In some embodiments, functions of or modules included in the apparatus provided in the embodiments of the present disclosure may be used to execute the method described in the above method embodiments, and specific implementation thereof may refer to the description of the above method embodiments, and for brevity, will not be described again here.

Embodiments of the present disclosure also provide a computer-readable storage medium having stored thereon computer program instructions, which when executed by a processor, implement the above-mentioned method. The computer readable storage medium may be a non-volatile computer readable storage medium.

An embodiment of the present disclosure further provides an electronic device, including: a processor; a memory for storing processor-executable instructions; wherein the processor is configured to invoke the memory-stored instructions to perform the above-described method.

The embodiments of the present disclosure also provide a computer program product, which includes computer readable code, and when the computer readable code runs on a device, a processor in the device executes instructions for implementing the network training method and/or the image processing method provided in any one of the above embodiments.

The embodiments of the present disclosure also provide another computer program product for storing computer readable instructions, which when executed cause a computer to perform the operations of the network training method and/or the image processing method provided in any of the above embodiments.

The electronic device may be provided as a terminal, server, or other form of device.

Fig. 4 illustrates a block diagram of an electronic device 800 in accordance with an embodiment of the disclosure. For example, the electronic device 800 may be a mobile phone, a computer, a digital broadcast terminal, a messaging device, a game console, a tablet device, a medical device, a fitness device, a personal digital assistant, or the like terminal.

Referring to fig. 4, electronic device 800 may include one or more of the following components: processing component 802, memory 804, power component 806, multimedia component 808, audio component 810, input/output (I/O) interface 812, sensor component 814, and communication component 816.
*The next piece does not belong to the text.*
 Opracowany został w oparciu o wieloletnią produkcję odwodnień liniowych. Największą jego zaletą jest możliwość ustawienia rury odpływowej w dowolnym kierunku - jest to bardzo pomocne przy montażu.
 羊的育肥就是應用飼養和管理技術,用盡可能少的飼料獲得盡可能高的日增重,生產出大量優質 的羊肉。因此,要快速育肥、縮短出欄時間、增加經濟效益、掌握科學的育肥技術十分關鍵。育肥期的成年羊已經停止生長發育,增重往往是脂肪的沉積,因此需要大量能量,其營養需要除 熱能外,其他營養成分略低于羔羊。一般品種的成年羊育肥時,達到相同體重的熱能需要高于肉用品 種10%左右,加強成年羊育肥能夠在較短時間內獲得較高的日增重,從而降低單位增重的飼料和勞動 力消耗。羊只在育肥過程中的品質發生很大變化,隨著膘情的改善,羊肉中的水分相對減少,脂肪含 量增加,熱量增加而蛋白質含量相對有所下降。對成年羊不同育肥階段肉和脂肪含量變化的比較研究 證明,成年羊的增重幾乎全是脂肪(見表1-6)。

The processing component 802 generally controls overall operation of the electronic device 800, such as operations associated with display, telephone calls, data communications, camera operations, and recording operations. The processing components 802 may include one or more processors 820 to execute instructions to perform all or a portion of the steps of the methods described above. Further, the processing component 802 can include one or more modules that facilitate interaction between the processing component 802 and other components. For example, the processing component 802 can include a multimedia module to facilitate interaction between the multimedia component 808 and the processing component 802.

The memory 804 is configured to store various types of data to support operations at the electronic device 800. Examples of such data include instructions for any application or method operating on the electronic device 800, contact data, phonebook data, messages, pictures, videos, and so forth. The memory 804 may be implemented by any type or combination of volatile or non-volatile memory devices such as Static Random Access Memory (SRAM), electrically erasable programmable read-only memory (EEPROM), erasable programmable read-only memory (EPROM), programmable read-only memory (PROM), read-only memory (ROM), magnetic memory, flash memory, magnetic or optical disks.
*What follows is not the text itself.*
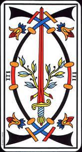 Apenas uma espada é vista em III, V, VIII, VIIII e de repente duas espadas em X, no meio de uma espécie de mandoria (que naturalmente tem sido comparada com a do arcano XXI… e o que você vê aqui?). Esta mandoria composta por tipos de faixas, forma um tecido nas duas extremidades da mandorla. Esta trama é reforçada segundo o seguinte ritmo: II e III, um único cruzamento; IV e V entrelaçando duas vezes dois elementos; VI e VII, entrelaçamento de três elementos; VIII e VIIII entrelaçamento de quatro elementos.

The power supply component 806 provides power to the various components of the electronic device 800. The power components 806 may include a power management system, one or more power supplies, and other components associated with generating, managing, and distributing power for the electronic device 800.

The multimedia component 808 includes a screen that provides an output interface between the electronic device 800 and a user. In some embodiments, the screen may include a Liquid Crystal Display (LCD) and a Touch Panel (TP). If the screen includes a touch panel, the screen may be implemented as a touch screen to receive an input signal from a user. The touch panel includes one or more touch sensors to sense touch, slide, and gestures on the touch panel. The touch sensor may not only sense the boundary of a touch or slide action, but also detect the duration and pressure associated with the touch or slide operation. In some embodiments, the multimedia component 808 includes a front facing camera and/or a rear facing camera. The front camera and/or the rear camera may receive external multimedia data when the electronic device 800 is in an operation mode, such as a shooting mode or a video mode. Each front camera and rear camera may be a fixed optical lens system or have a focal length and optical zoom capability.

The audio component 810 is configured to output and/or input audio signals. For example, the audio component 810 includes a Microphone (MIC) configured to receive external audio signals when the electronic device 800 is in an operational mode, such as a call mode, a recording mode, and a voice recognition mode. The received audio signals may further be stored in the memory 804 or transmitted via the communication component 816. In some embodiments, audio component 810 also includes a speaker for outputting audio signals.

The I/O interface 812 provides an interface between the processing component 802 and peripheral interface modules, which may be keyboards, click wheels, buttons, etc. These buttons may include, but are not limited to: a home button, a volume button, a start button, and a lock button.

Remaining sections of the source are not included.